Wednesday, June 15, 2022

What we found on a random road in Wyoming

 What we found on a random road in Wyoming.

What we love most about our RV Full-Timing life is that we get to explore. We just pick a road and go for it. On this day it was no different, except for the fact that we are workamp now for the summer season. So we only get 2 days off. That just means we have to go back LOL. 

Our plan was to head to Wyoming and check out the businesses there to see if it would be wiser to start shopping there for our food/gas/supplies in general. We took the backway, (neither of us having ever been this way) to see the backcountry. 

We found stuff. A Ghost Town,  Kilns and just beautiful landscapes EVERYWHERE. 

The ghost town is called Piedmont. It was a timber and railroad town. The town was alive around 1867 and had some famous (and not in a good way) travelers. Butch Cassidy used Piedmont as a meeting place with all of his criminal soulmates for the big bank robbery in Montpelier, Idaho. There is a guess at what they stole - in the range of $10,000 which for that time was a lot. Although I think today $10,000 is a lot but then I don't have that lol. The Union Pacific fell victim to many criminal acts because of the like of Butch Cassidy and cronies. 


There are still some property still there with reminders of what it was like back in the day. It was neat to sit on the side of the road dreaming about, what it was like back in that time. No doubt life was hard but man their office view is breaktaken.

Oh course so much lumber was taken. 

There are still farms in the area.

The houses are starting to fall down even more so - when I did the research of the area, what a difference just a couple of years of hard weather on these old houses. It is private property so use your best judgement and leave it as you found it. 

Moses Bryne was the first in Piedmont but changed the name to Piedmont because it means in Italian 
"Foot of the Mountain"


Those clouds were just magical

I hope a bride was carried over the threshold 

Oh the secrets that this empty house holds

And just further down the road we find our next find. Piedmont Charcoal Kilns. Neither of us have ever seen such a thing in our lives, (now you can understand our love for our life because not only seeing but learning things almost on a daily basis). 

The kilns are remnants of charcoal making. And you could smell them. These were built by the first family of Piedmont Mose Byrne in 1869 just two years after settling in the new town.
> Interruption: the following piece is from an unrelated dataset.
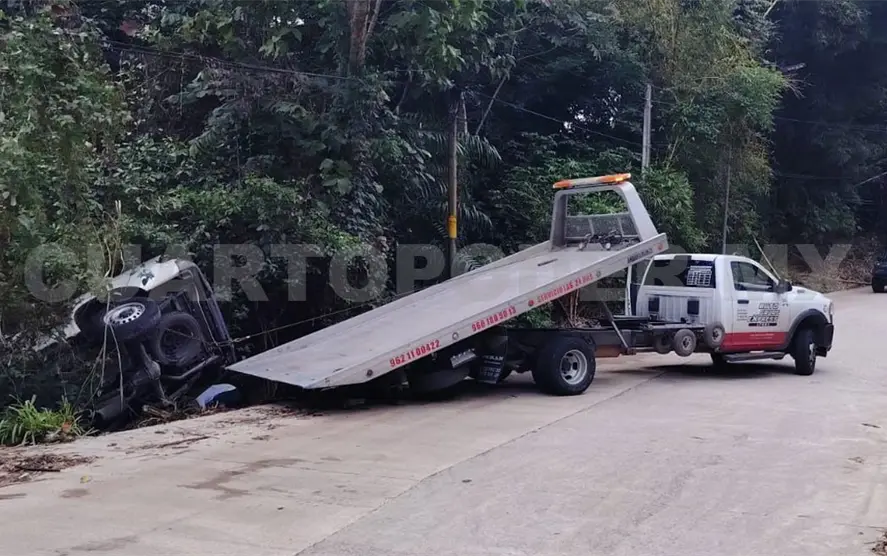 Con el apoyo de una grúa, la unidad fue sacada del sitio en donde quedó volcada para ser llevada a un corralón oficial.

I'm not sure how long these were producing charcoal, because in 1971 the area was registered with the National  Register of Historic Places. 100,000 bushels a month down to a physical reminder of what was once. 

There were 4 but as time goes by they will eventually all tumble down

These are huge up close.

Amazing at what the inside looks like - right?

This was taken from inside.

There was so much more that we had seen on this day, but you're just going to need to go and see the area for yourself. It would be fun to compare notes. Do bring a sacked lunch because there are picnic tables there next to the interpretive panels. They really made the whole area visitor friendly.


I hope you enjoyed our adventure day of where we just picked a random road and went for it!! You just never know what you will see. The video below is a blast from the past. Get ready to chuckle... We live on the wild side of life. 


We took a Belly Dancing Class - it was so hard but it was so much fun. We had people make fun of us because it was beneath them. But you know what. Life is about having fun and it's our fun.